Interpositive Duplicate Negatives — Contact Duplication
The original negative is contact-printed onto film to produce an interpositive (a positive image on film). The interpositive is then contact-printed onto film to produce the duplicate negative. This process provides the most accurate tone reproductions possible. Problems in original negatives can often be corrected by using selected films and filters to reduce staining during the production of the interpositive. The disadvantages of this system are the higher production costs, the complexity of the procedure, and the added storage space required for the multiple duplicates. However, this method results in two duplicates for relatively little additional cost; the interpositive becomes the master and the duplicate negative becomes the use copy.

Interpositive Duplicate Negatives — Reduced Format, Long Roll Systems
Original negatives are copied onto 5-inch/105mm, 70mm, or 35mm roll film using a camera to produce interpositives (a positive image on film). The interpositive is then contact-printed onto film to produce the duplicate negatives. This system provides accurate tone reproduction. Also, problems in original negatives can often be corrected with the use of selected films and filters to reduce staining during the production of the interpositive. These systems provide easy access to collections. They have high production capabilities and lower production costs, and they require less storage space. However, with reduced-size duplicates there is usually some loss of image detail, proportional to the amount of reduction. As with contact interpositive duplicate negatives, this system results in two copies; the interpositive becomes the master and the duplicate negative the use copy.

Digital Imaging Storage Systems
With these systems images are stored on digital optical disks, which can be read in players that use a laser. Disk players can be interfaced with computers to allow easy cross-referencing between images and information. These systems are great access tools, but are not archival. High-resolution image files provide good quality reproductions but are impractical. They are expensive, they require more space than photographic film, and, because of their large files, they take time to access.

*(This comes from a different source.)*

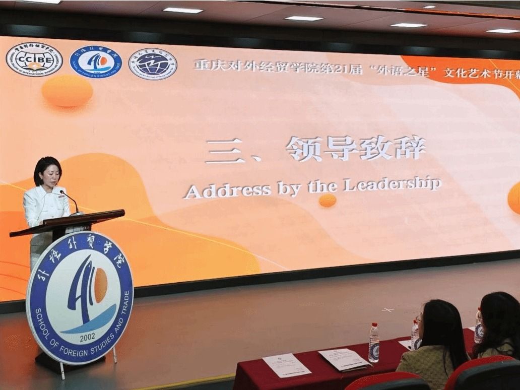 李霓经理在致辞中强调:“外语之星文化艺术节不仅是语言能力的练兵场,更是培养跨文化胜任力的试验田。希望同学们在活动中既要夯实语言基本功,更要深入理解语言背后的思维方式与价值体系。”她特别指出,本届活动根据不同专业,不同就业方向设置了多样模块,将助力同学们构建“语言+专业”的复合型能力结构。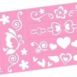 Genanvendelige skabeloner med blomster, hjerter og sommerfugle gør det let at tegne favoritmotiver hurtigt og rent.

Screen-resolution image files or files of lower quality are less expensive and do not have the storage and access time problems; however, their resolution is only fair.

The technology for optical disks is still in flux. Professionals estimate that innovations in disks and computer hardware and the design of new software to use them necessitate replacement of systems every three to five years. Therefore institutional budgets must include funds to continually upgrade the systems with new software and hardware. Also, no standards have yet been developed to insure the translation of information from one generation to another.